Il margine dell’intermediario è tanto più grande quanto: 1) maggiore è il prezzo di vendita (spesso espresso da un Daily Rate per ogni giornata lavorata); 2) minore è il costo sostenuto per l’acquisto della risorsa. Ecco perché, con una certa frequenza, le aziende di questo tipo ricorrono al contratto a progetto: peccato che questa forma contrattuale sia incompatibile con l’iscrizione a un albo professionale (si veda la circolare CNI n°323 del 26 marzo 2010).

Se fosse possibile instaurare un rapporto diretto, privo d’intermediari, il Cliente e il professionista ne sarebbero avvantaggiati, poiché verrebbe meno la percentuale trattenuta da chi li mette in contatto, a volte dell’ordine del 40% del prezzo di vendita della risorsa.

Accanto ad aziende come quelle appena considerate, ci sono anche delle società di consulenza che selezionano e formano il proprio personale, prevedendo un percorso di crescita ben strutturato, spesso comprendente il conseguimento di una o più certificazioni in materia di Project Management.

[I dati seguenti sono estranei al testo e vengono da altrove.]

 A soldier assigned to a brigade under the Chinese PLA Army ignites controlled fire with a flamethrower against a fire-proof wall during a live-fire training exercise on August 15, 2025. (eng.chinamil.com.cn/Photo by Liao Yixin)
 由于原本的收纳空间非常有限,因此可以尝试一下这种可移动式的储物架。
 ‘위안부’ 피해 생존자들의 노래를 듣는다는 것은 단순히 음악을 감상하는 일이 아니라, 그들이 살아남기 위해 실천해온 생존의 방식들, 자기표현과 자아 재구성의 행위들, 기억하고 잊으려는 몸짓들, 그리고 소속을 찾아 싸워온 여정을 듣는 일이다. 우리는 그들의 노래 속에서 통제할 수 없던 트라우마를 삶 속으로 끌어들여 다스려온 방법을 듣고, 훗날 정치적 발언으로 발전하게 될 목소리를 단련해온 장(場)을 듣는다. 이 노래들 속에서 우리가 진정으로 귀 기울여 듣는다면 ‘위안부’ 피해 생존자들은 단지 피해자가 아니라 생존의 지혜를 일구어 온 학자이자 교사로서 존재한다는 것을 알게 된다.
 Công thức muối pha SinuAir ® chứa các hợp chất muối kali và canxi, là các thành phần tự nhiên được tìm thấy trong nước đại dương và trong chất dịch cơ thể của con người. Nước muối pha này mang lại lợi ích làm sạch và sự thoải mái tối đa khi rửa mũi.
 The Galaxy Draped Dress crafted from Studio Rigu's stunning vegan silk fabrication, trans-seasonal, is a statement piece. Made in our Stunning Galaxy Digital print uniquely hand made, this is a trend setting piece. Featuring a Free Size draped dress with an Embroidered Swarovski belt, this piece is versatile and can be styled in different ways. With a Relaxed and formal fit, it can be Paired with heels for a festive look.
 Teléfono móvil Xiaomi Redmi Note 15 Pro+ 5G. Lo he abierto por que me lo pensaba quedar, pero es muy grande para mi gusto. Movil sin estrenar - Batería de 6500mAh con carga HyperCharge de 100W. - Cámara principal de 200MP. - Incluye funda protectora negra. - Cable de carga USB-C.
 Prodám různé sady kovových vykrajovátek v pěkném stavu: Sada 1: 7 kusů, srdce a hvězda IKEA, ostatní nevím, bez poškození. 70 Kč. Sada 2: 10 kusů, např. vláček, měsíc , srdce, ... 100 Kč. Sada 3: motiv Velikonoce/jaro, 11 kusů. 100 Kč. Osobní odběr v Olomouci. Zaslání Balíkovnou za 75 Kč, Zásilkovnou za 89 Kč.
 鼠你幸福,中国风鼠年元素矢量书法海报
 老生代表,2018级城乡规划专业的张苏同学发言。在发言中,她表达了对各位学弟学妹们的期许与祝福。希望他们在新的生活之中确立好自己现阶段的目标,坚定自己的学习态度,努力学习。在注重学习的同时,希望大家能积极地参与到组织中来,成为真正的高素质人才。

In ogni caso, le competenze professionali stabilite dalla normativa vigente andrebbero sempre rispettate, trattandosi non di una barriera all’entrata, ma di un elemento chiave per il successo, necessario per garantire la qualità dei prodotti (che sono un Mix di aspetti tangibili e intangibili) e dei servizi offerti al Beneficiario/Cliente finale.